SUPPLIED RECORDS »
==========

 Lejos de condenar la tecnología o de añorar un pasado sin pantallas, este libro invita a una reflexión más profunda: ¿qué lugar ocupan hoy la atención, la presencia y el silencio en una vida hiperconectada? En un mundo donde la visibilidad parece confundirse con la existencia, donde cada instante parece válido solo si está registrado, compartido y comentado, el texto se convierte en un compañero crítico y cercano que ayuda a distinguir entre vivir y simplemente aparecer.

==========

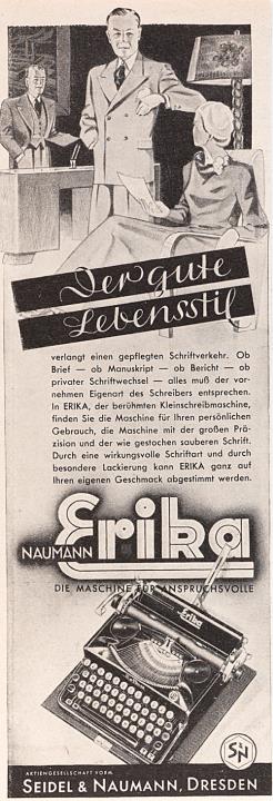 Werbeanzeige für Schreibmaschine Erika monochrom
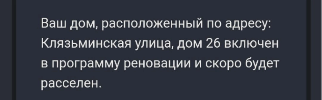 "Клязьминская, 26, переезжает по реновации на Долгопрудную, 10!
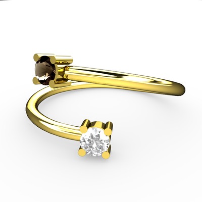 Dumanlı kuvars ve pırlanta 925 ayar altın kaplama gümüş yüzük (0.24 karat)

==========

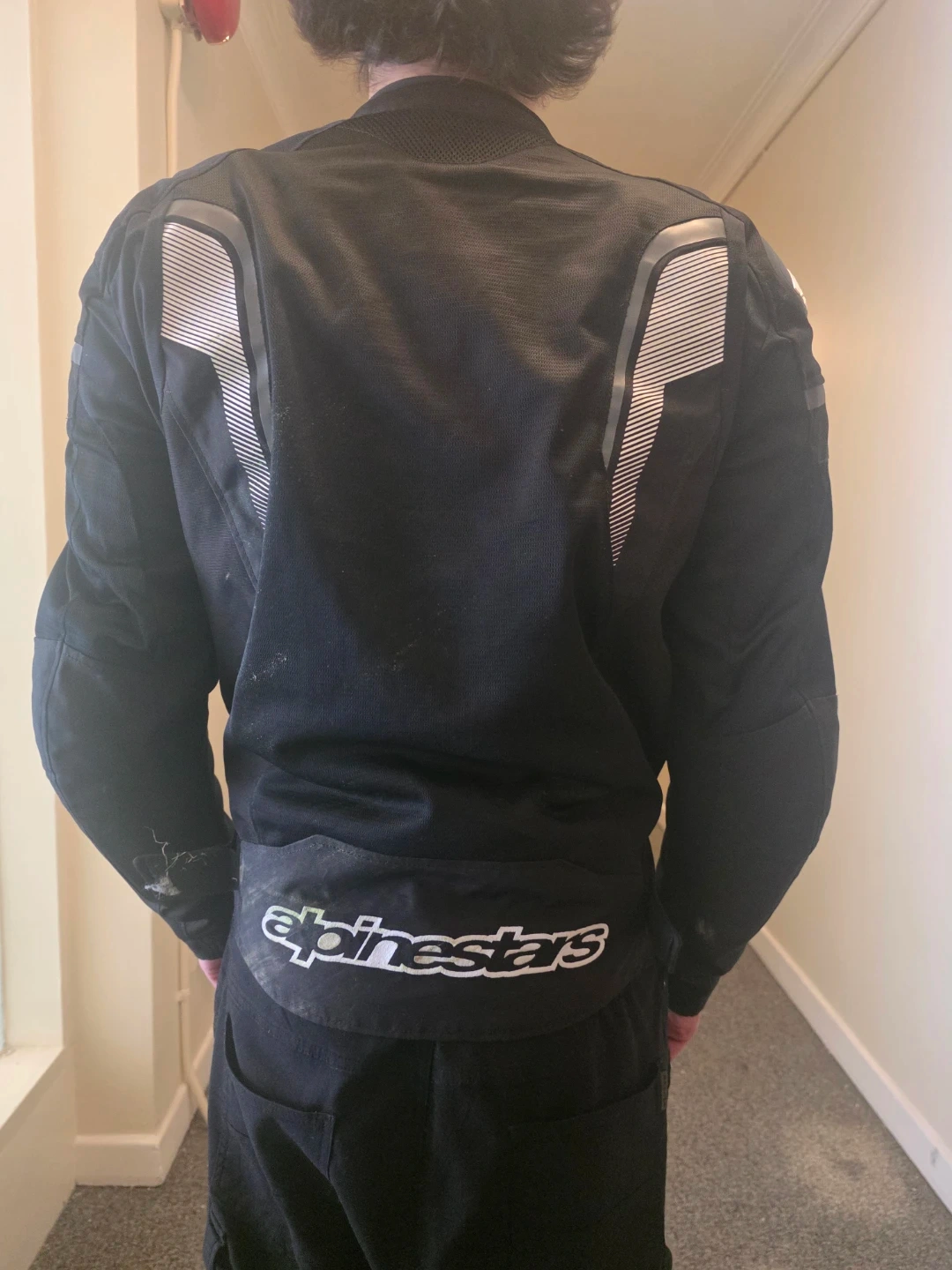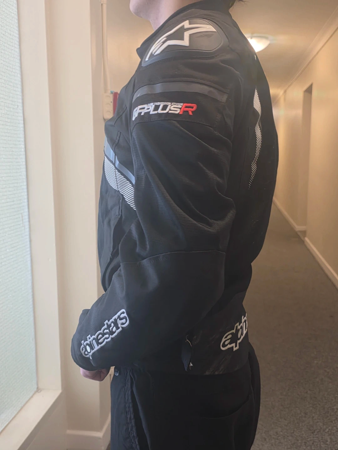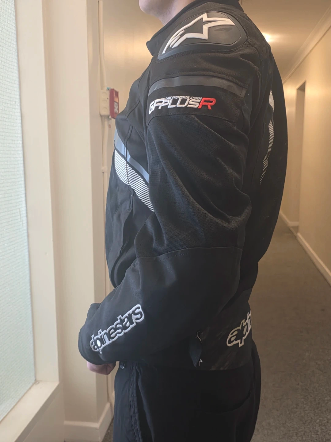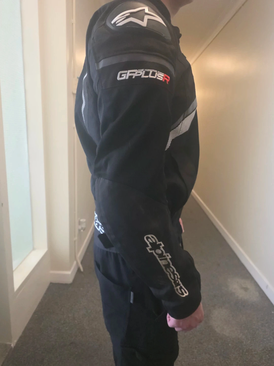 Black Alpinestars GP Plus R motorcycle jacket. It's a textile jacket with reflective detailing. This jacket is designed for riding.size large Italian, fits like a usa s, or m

==========

TASK ITEM » Using the data above, retype exactly and only the lines from the one containing "Werbeanzeige für Schreibmaschine" up to and including the one containing "Dumanlı kuvars ve", with no pictures carried over.

SOLVED PROBLEM »
 Werbeanzeige für Schreibmaschine Erika monochrom
 "Клязьминская, 26, переезжает по реновации на Долгопрудную, 10!
 Dumanlı kuvars ve pırlanta 925 ayar altın kaplama gümüş yüzük (0.24 karat)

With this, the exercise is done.